===== Exercise data

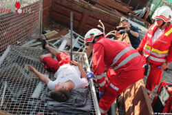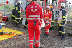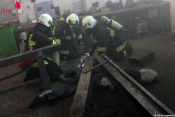 Während sich ein Atemschutztrupp in das Halleninnere aufmachte um mit der Personenrettung zu beginnen, wurde von der Besatzung des Löschfahrzeuges in enger Zusammenarbeit mit den Kräften des Rettungsdienstes der – im Alteisencontainer – gepfählte Mitarbeiter stabilisiert, transportfähig gemacht und zu weiteren Versorgung zum Verletztenablageplatz gebracht.
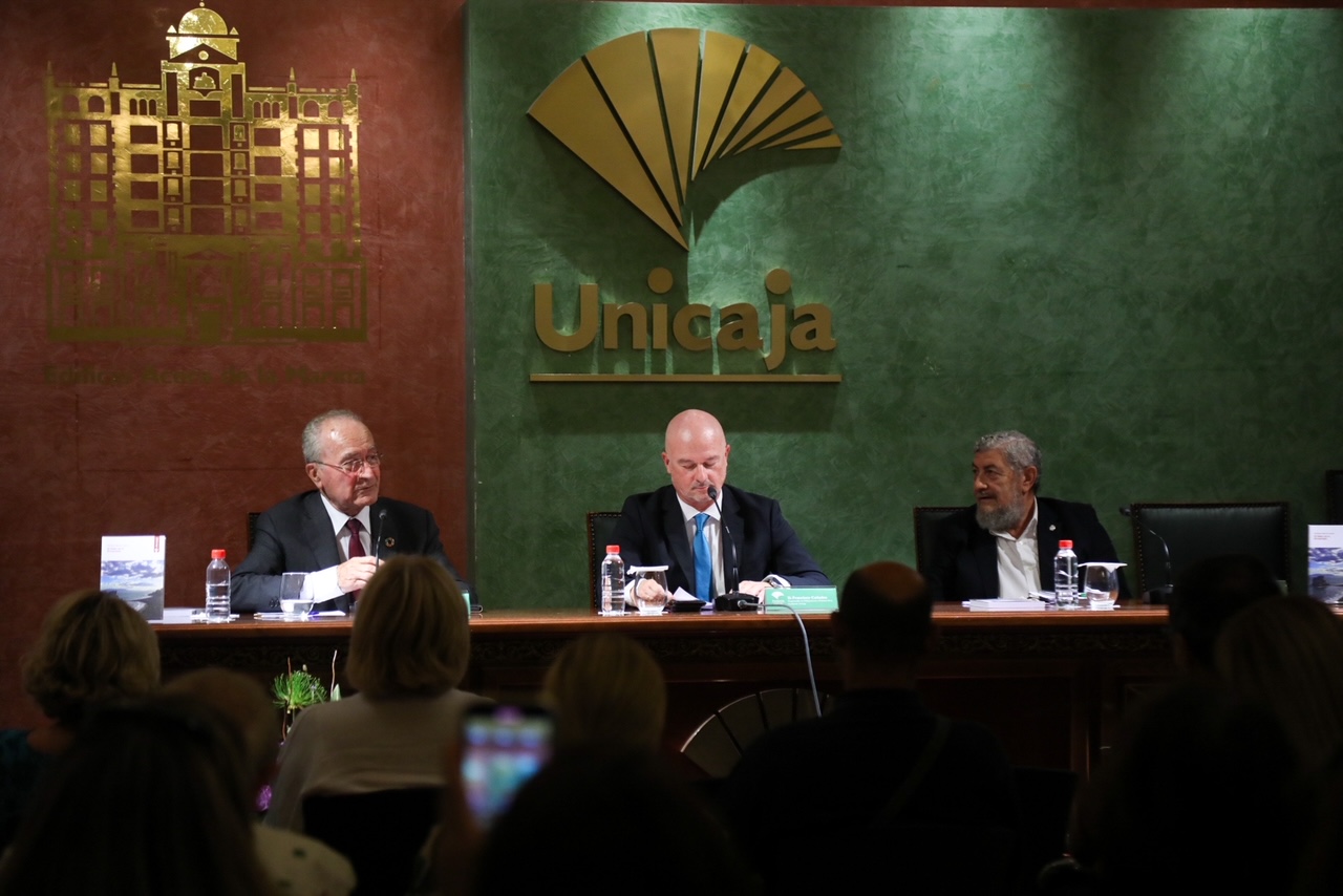 El alcalde de Málaga, Francisco de la Torre, ha participado esta tarde en la presentación del libro ‘El salto de la encantada’, junto al responsable de Publicaciones y Premios de Fundación Unicaja, Francisco Cañadas, y el autor del libro, Enrique García Lucena.
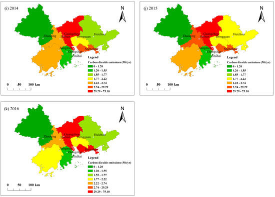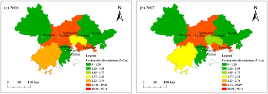 3.2. Spatiotemporal Patterns of CO2 Emissions
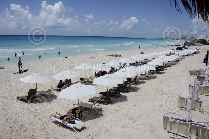 CANCÚN, QUINTANA ROO, 28JULIO2016.- Turistas nacionales y extranjeros disfrutan de un día de sol y playa, mientras elementos de la gendarmería realizan recorridos para mantener la seguridad de los visitantes. FOTO: ELIZABETH RUIZ /CUARTOSCURO.COM

==========

Task instructions
Reproduce the listing exactly, images omitted.

Answer space
 Während sich ein Atemschutztrupp in das Halleninnere aufmachte um mit der Personenrettung zu beginnen, wurde von der Besatzung des Löschfahrzeuges in enger Zusammenarbeit mit den Kräften des Rettungsdienstes der – im Alteisencontainer – gepfählte Mitarbeiter stabilisiert, transportfähig gemacht und zu weiteren Versorgung zum Verletztenablageplatz gebracht.
 El alcalde de Málaga, Francisco de la Torre, ha participado esta tarde en la presentación del libro ‘El salto de la encantada’, junto al responsable de Publicaciones y Premios de Fundación Unicaja, Francisco Cañadas, y el autor del libro, Enrique García Lucena.
 3.2. Spatiotemporal Patterns of CO2 Emissions
 CANCÚN, QUINTANA ROO, 28JULIO2016.- Turistas nacionales y extranjeros disfrutan de un día de sol y playa, mientras elementos de la gendarmería realizan recorridos para mantener la seguridad de los visitantes. FOTO: ELIZABETH RUIZ /CUARTOSCURO.COM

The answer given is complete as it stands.